NOTICE - June 2021
The Moz SQL Parser repository is now archived. But the good news is that a fork of this project, called More SQL Parsing!, remains under active development independent of Mozilla. That project can be found at https://github.com/klahnakoski/mo-sql-parsing.
Moz SQL Parser
Let's make a SQL parser so we can provide a familiar interface to non-sql datastores!
Branch | Status |
---|---|
master | |
dev |
Problem Statement
SQL is a familiar language used to access databases. Although, each database vendor has its quirky implementation, the average developer does not know enough SQL to be concerned with those quirks. This familiar core SQL (lowest common denominator, if you will) is useful enough to explore data in primitive ways. It is hoped that, once programmers have reviewed a datastore with basic SQL queries, and they see the value of that data, they will be motivated to use the datastore's native query format.
Objectives
The primary objective of this library is to convert some subset of SQL-92 queries to JSON-izable parse trees. A big enough subset to provide superficial data access via SQL, but not so much as we must deal with the document-relational impedance mismatch.
Non-Objectives
- No plans to provide update statements, like
update
orinsert
- No plans to expand the language to all of SQL:2011
- No plans to provide data access tools
Project Status
There are over 400 tests. This parser is good enough for basic usage, including inner queries.

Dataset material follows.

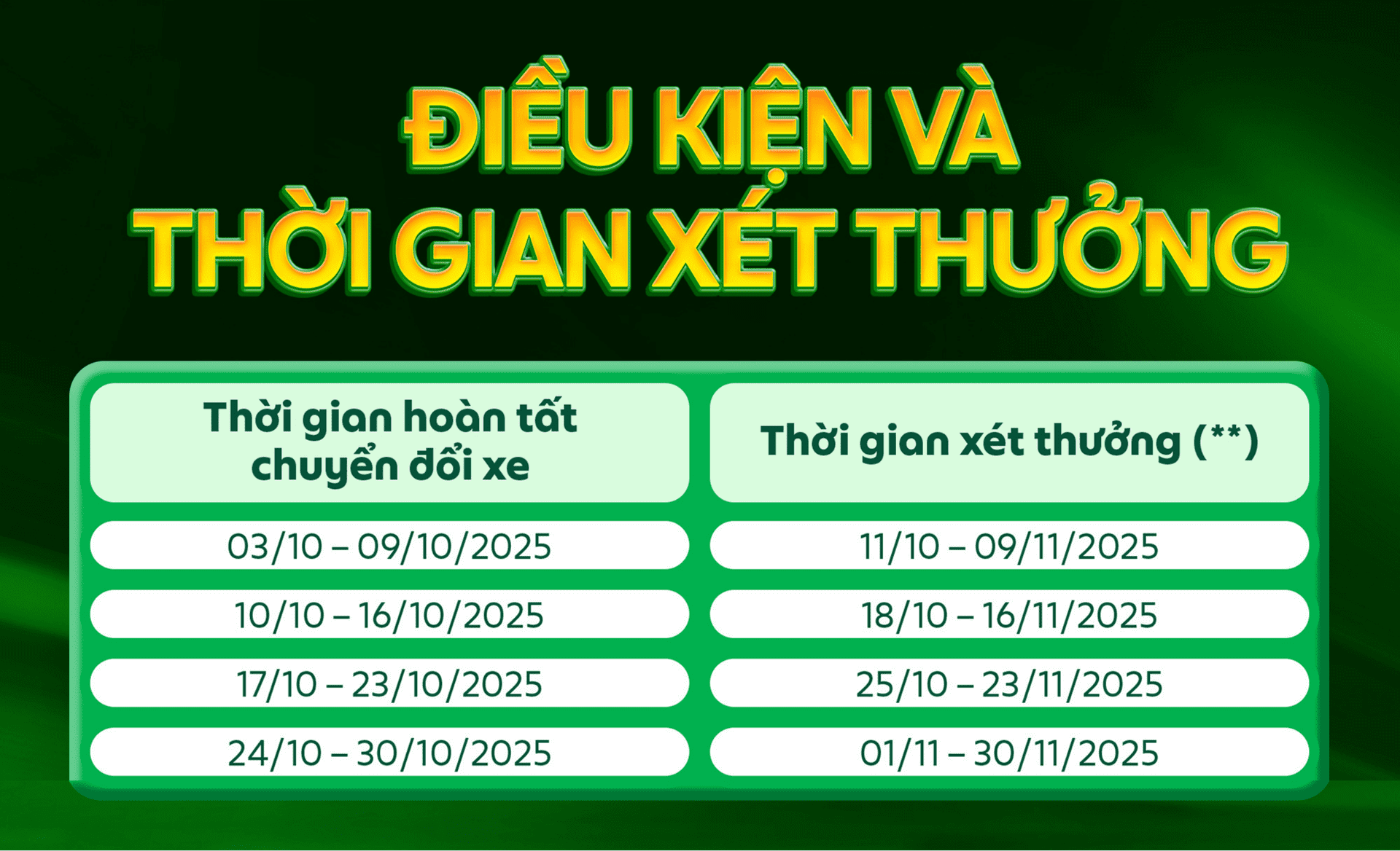 Số chuyến xe mà Đối tác hoàn thành phải nằm trong thời gian xét thưởng và tài khoản Grab Driver của Đối tác phải được kích hoạt trong mốc thời gian tương ứng như quy định tại bảng “ĐIỀU KIỆN VÀ THỜI GIAN XÉT THƯỞNG” trên.

You can see the parser in action at https://sql.telemetry.mozilla.org/ while using the ActiveData datasource
Install
pip install moz-sql-parser
Parsing SQL
>>> from moz_sql_parser import parse
>>> import json
>>> json.dumps(parse("select count(1) from jobs"))
'{"select": {"value": {"count": 1}}, "from": "jobs"}'
Each SQL query is parsed to an object: Each clause is assigned to an object property of the same name.

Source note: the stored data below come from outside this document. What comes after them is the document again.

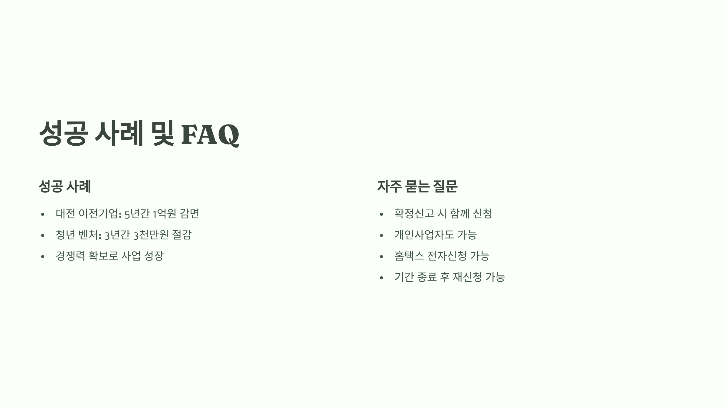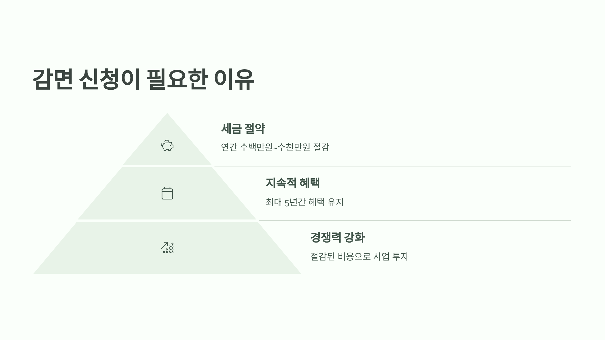 이처럼 감면 제도는 단순한 세제 혜택이 아니라 **경쟁력 확보 전략**이에요. 여러분도 바로 신청해볼 수 있어요!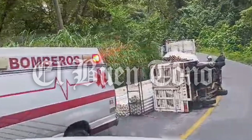 Coscomatepec, Ver.- Una camioneta que transportaba tubos de PVC se volcó durante la mañana de este martes en la carretera federal Coscomatepec-Huatusco, a la altura de la barranca de Jamapa.
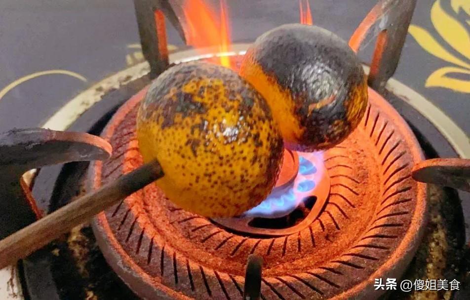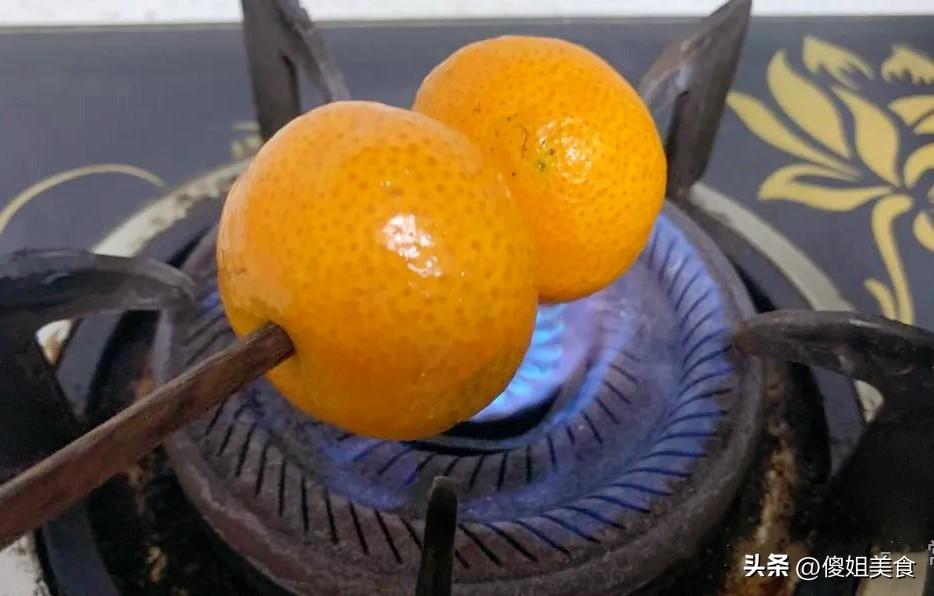 我試着串了兩個,打開小火,把橘子懸在火苗上方慢慢轉動。橘皮在火焰的烘烤下,顏色漸漸加深,從鮮橙色變成深橙色,再慢慢泛起黑色斑點。一股焦糖混合着橘皮清香的獨特氣味飄散開來,怪好聞的。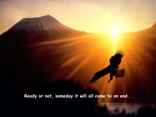Ready or not, someday life will come to an end. What really matters is not what you acquired or achieved, but how you lived your life and impacted others. A life that matters is defined not by wealth, fame or accomplishments, but by acts of compassion, sacrifice, integrity and character that inspire others long after one is gone.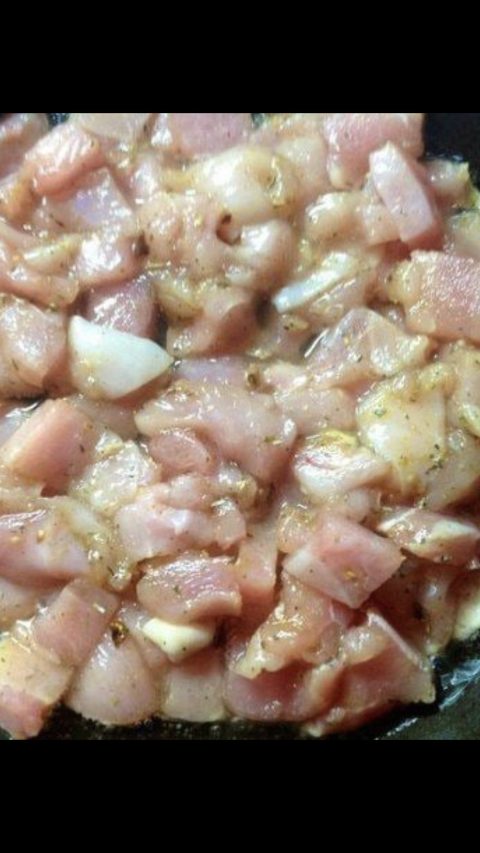 Курицу режем кубиками, добавляем специи, соль и обжариваем на сковороде до золотистой корочки.

>>> json.dumps(parse("select a as hello, b as world from jobs"))
'{"select": [{"value": "a", "name": "hello"}, {"value": "b", "name": "world"}], "from": "jobs"}'
The SELECT
clause is an array of objects containing name
and value
properties.
Recursion Limit
WARNING! There is a recursion limit of 1500
. This prevents parsing of complex expressions or deeply nested nested queries. You can increase the recursion limit after you have imported moz_sql_parser
, and before you parse
:
>>> from moz_sql_parser import parse
>>> sys.setrecursionlimit(3000)
>>> parse(complicated_sql)
Generating SQL
You may also generate SQL from the a given JSON document. This is done by the formatter, which is still incomplete (Jan2020).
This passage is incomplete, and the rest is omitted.